Neuroscience is an ever growing field of research and discovery, with its findings highly relevant across all aspects of life. When we look at safety leadership and culture, considering performance with our brain in mind helps us understand how to get the best out of ourselves and others, and how the role of neuroplasticity allows us to constantly improve and evolve with the scientific proof behind it.

The key driving principle of the human brain is centred around threats and rewards. Our brains are constantly scanning the environment – both the physical environment (the workplace,) and the social environment (the way people behave towards us) – for anything it might perceive as a threat or a reward. When leaders understand the impact of their behaviour on the brains of those they lead, they can learn to behave in ways that trigger the desired behaviour in people.

“There is a mismatch between what science knows and what business does.” Dan Pink

 

Two Assumptions About ‘Brain-Friendly’ Worksites that Simply Aren’t True

There are two incorrect assumptions I often hear about creating brain-friendly workplaces that often create unnecessary resistance and barriers to increasing safety-minded leadership on site.

 

 

The first is that running a brain-friendly worksite is too ‘soft’. The other is that running a brain-friendly worksite is too ‘hard’. Let me explain!

Those in the ‘too soft’ camp are the ones led by the assumption that if we start introducing brain friendly strategies in the workplace nothing will get done. We’ll be spending our time on people issues and not on critical production issues. We’ll be diverting our attention to hand holding as opposed to driving quality performance. We’ll be wasting time we don’t have on having to create a warm and fuzzy environment when people should just get on with their jobs.

YET it is being proven time and again that if you do go down the brain-friendly path, you’ll increase engagement, performance, quality and loyalty. 81% of employees say they’d work harder if bosses were more grateful for their work. (Elton and Gostick, Leading with Gratitude) while research shows, high trust is an economic driver of growth. Organisations with high trust outperform low trust ones by more than 280% (on total return to shareholders,) and high trust also offers a multiplier of 3x performance. (Stephen Covey, Speed of Trust)

The second assumption is that it is too hard to create a brain-friendly workplace. Change is hard, which is why it’s important to commit to a consistent and collective approach with ongoing learning, peer mentoring, tangible actions and space to share stuff ups.
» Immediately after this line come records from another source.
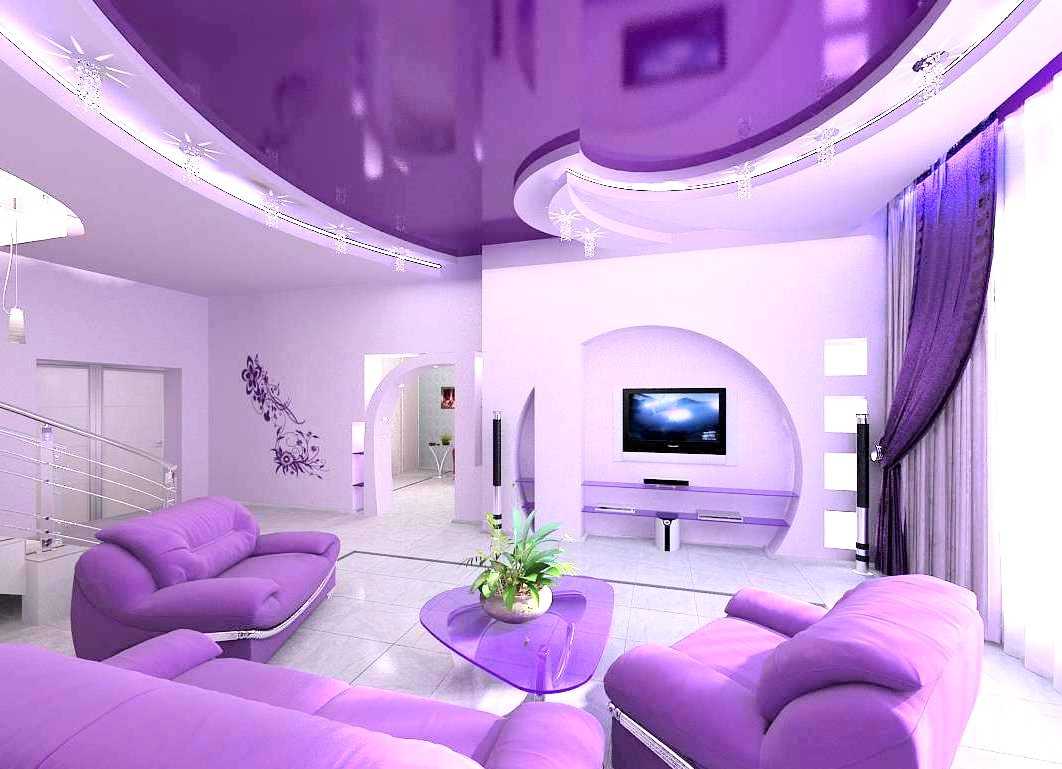 Потолок в гостиной – важный элемент декора, на который обращают внимание чаще всего. Из множества современных материалов натяжной потолок наилучшим образом подходит как для квартиры, так и для дома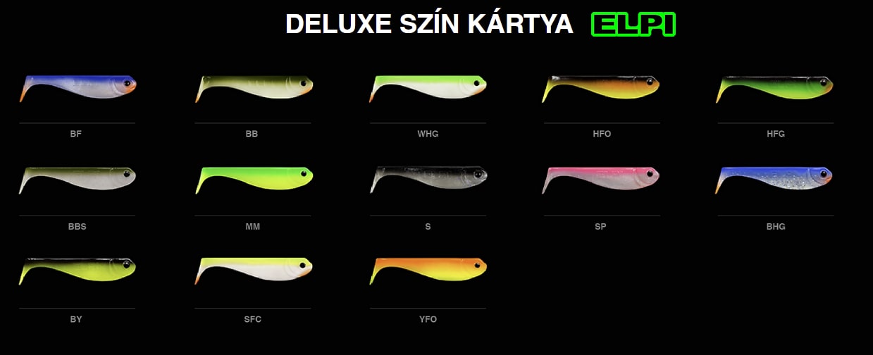 Az ELPI Swifty gumihala 9, 11 és 15 cm-es méretben készül, mi a legkisebb családtagot vettük fel az Ebihal kínálatába. Ez egy kivételesen egyenletes mozgású csalisorozat, ami 3 g felett kezd élni igazán. Farka közepes frekvenciával mozog, amely mozgás az egész testet átjárja. Ugyanakkor a test az ingához hasonló mozgást is végez, ami nagyon vonzó a ragadozók számára. Elsősorban csukára és harcsára ajánljuk. De a kapitális süllők is előszeretettel felveszik.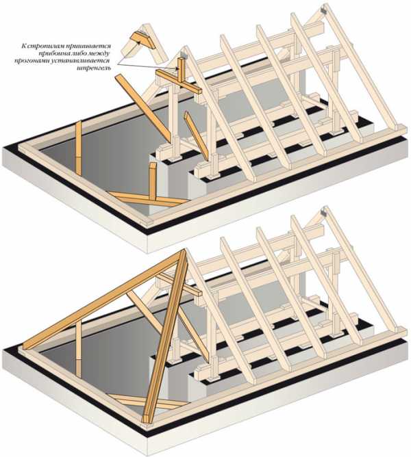 Теперь небольшое отступление. Если величина пролёта перекрываемого угловым стропилом больше 7,5 метров, помимо установленной нами стойки нужно поставить дополнительную стойку на расстоянии 1/4 пролёта от нижней точки опоры. Если перекрытия позволяют ставим стойку на них, либо делаем так называемый «шпренгель» (см. рис.).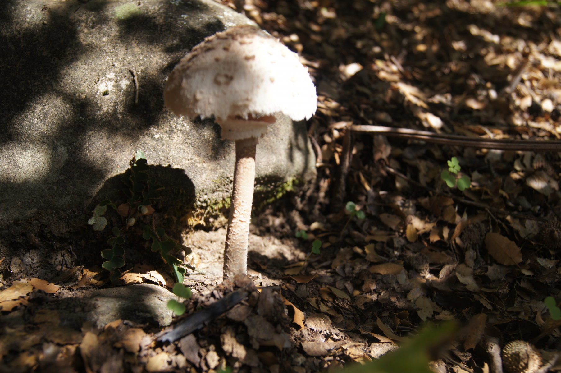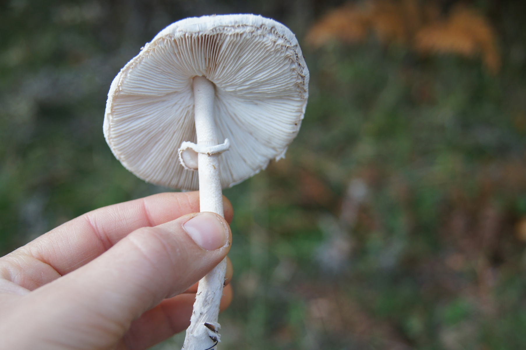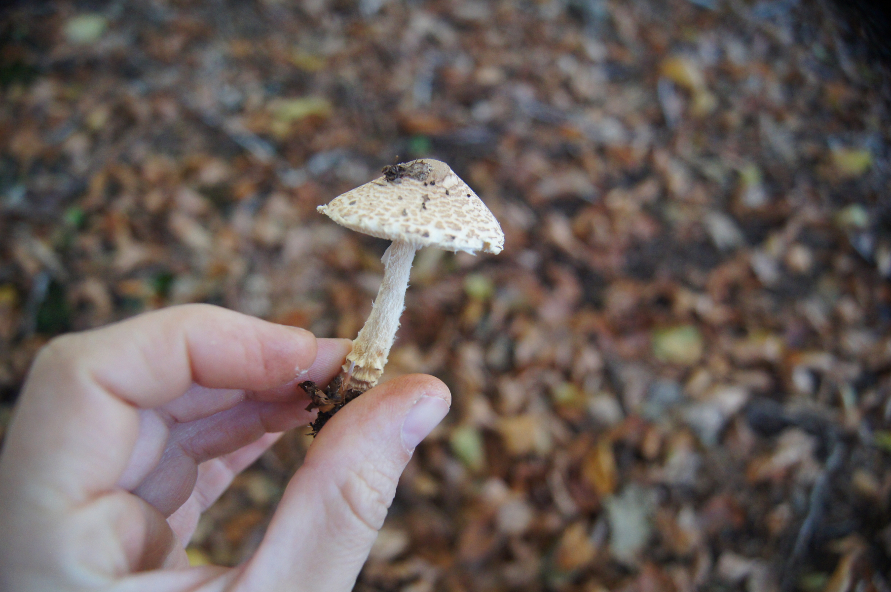 Kurz darauf hielten wir am Straßenrand. Da es relativ steil bergauf ging, blieb Safran zunächst lieber beim Auto und schmökte. Und tatsächlich! Da war auch schon der erste Pilz, ein prächtiger Parasol (hier auf dem Foto allerdings leider nur verschwommen zu sehen):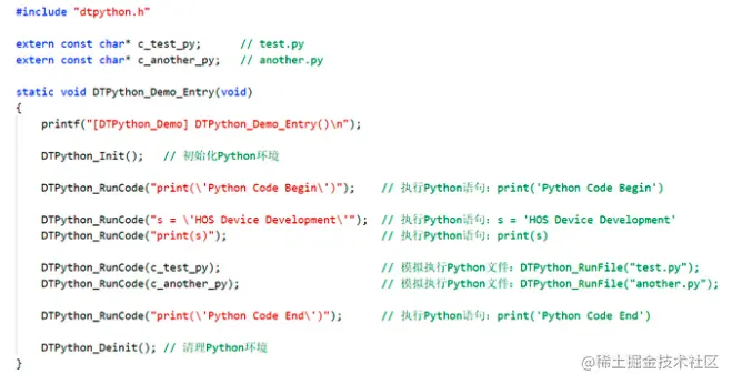 Txt2Str 将 Python 代码用 C 字符串的形式存储到 C 文件中(如上图中的 test.c) 将转换得到的 C 文件加入工程中即可在 C 代码中使用 Python 代码(可参考文末附件中的示例)

James Clear talks about habits like a compound interest of self improvement. If we focus on our trajectory and not our position, all we need is time to make those small improvements that will continue to transform performance and culture.

 

 

 

 

Here are my Two Top Tips for Making Your Work Place ‘Brain-Friendly’
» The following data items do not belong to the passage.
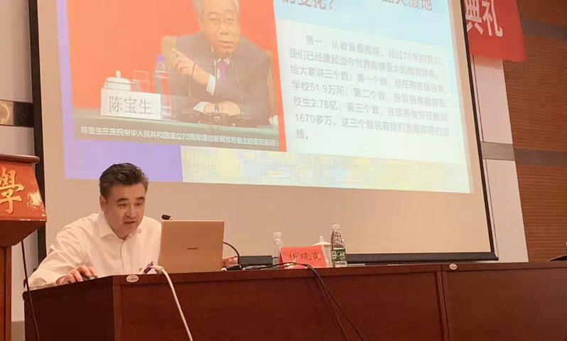 10月9日下午,南通市委教育工委副书记杨晓岗应邀为我校2019定向师范生作题为《守教育报国初心 担立德树人使命 为新时代教育之乡贡献青春、智慧与力量》的报告。
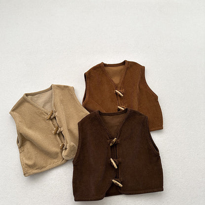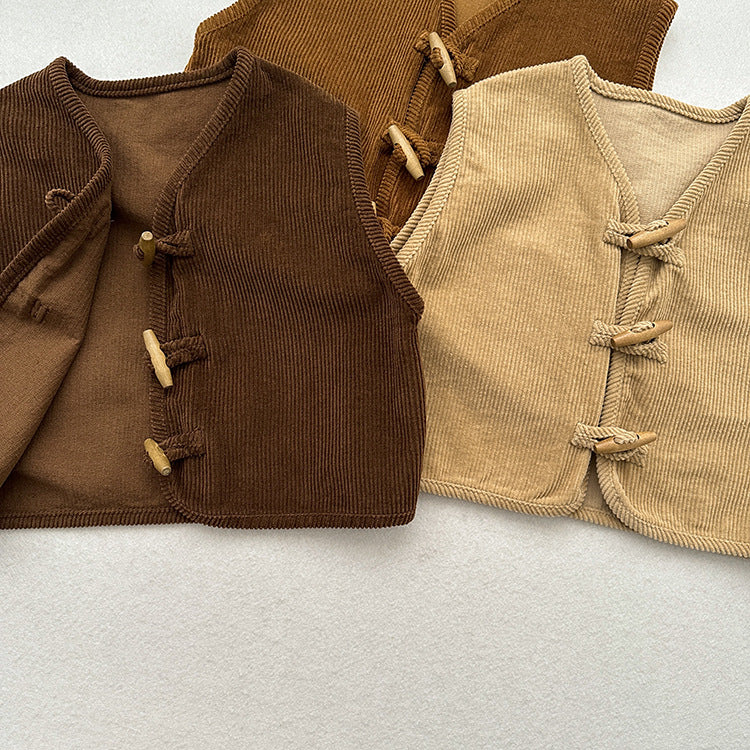 Children’s Waistcoat Japanese Corduroy Tone Sleeveless Vest Spring And Autumn Style Retro Wooden Button Corduroy Vest For Boys And Girls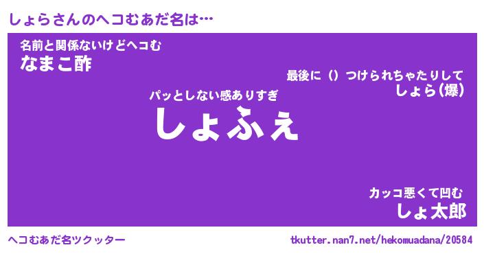 | 男性向けラノベタイトル風あだ名 | 『しょらの憂鬱』 |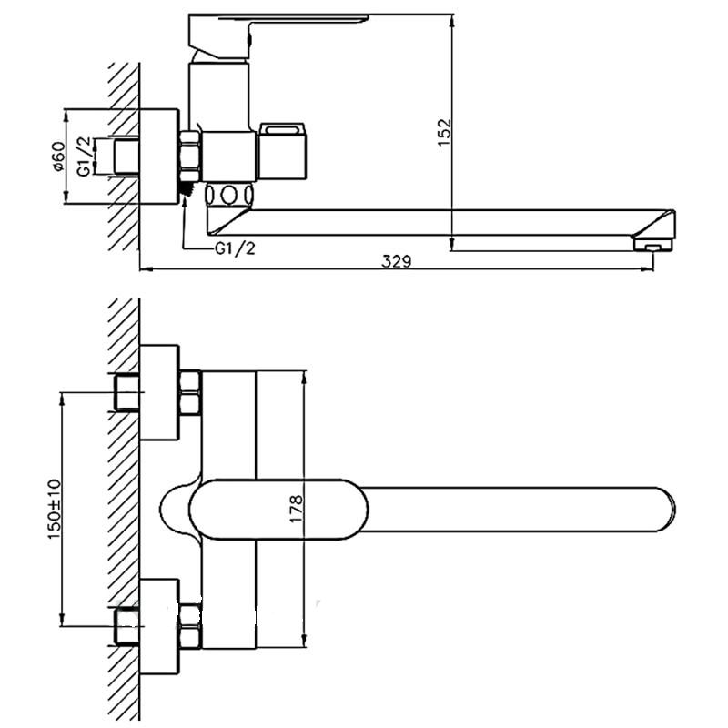 смеситель для ванны с длинным изливом

Even though we’re talking about neuroscience, the good news is that it’s not rocket science to increase the brain-friendliness of your workplace!
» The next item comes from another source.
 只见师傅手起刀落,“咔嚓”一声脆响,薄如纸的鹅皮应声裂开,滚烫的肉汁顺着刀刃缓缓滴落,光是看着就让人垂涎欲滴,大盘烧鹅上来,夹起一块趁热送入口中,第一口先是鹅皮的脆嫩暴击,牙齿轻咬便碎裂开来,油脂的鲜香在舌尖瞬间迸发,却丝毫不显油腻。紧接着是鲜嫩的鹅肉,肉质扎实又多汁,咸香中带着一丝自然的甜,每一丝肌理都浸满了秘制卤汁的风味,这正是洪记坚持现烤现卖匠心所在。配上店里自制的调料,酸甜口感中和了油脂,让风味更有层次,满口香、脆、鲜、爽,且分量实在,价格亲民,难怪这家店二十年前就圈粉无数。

First of all, we want to be increasing psychological safety – where everyone feels comfortable to speak up. This will lead to increased trust, engagement, wellbeing and collaboration.

A good place to start is to create more conversation with those on the front line, and add layers of depth to those conversations. Really probe how they are, recognise their reality, and acknowledge their input. Declare your intent and make it a two way process.

It’s time well worth spending when it’s reported that leaders influence psychological safety by as much as 70%, and that 75% of employees report that the most stressful part of their job is their immediate supervisor. (Workhuman 2021)

The late great Shane Warne said he made a conscious decision to make ‘every ball an event.’ I love the idea of translating that intention to your work site and to every interaction you invest in.

Secondly, fostering psychological ownership increases motivation, stewardship and loyalty, not to mention the plethora of knowledge and skills across your teams that often remain untapped, simply because it’s not accessed.

Despite our best intentions, we can easily shut down team members and miss out on their input and ideas. As a leader, demonstrate that you need all the ‘brains that you can borrow.’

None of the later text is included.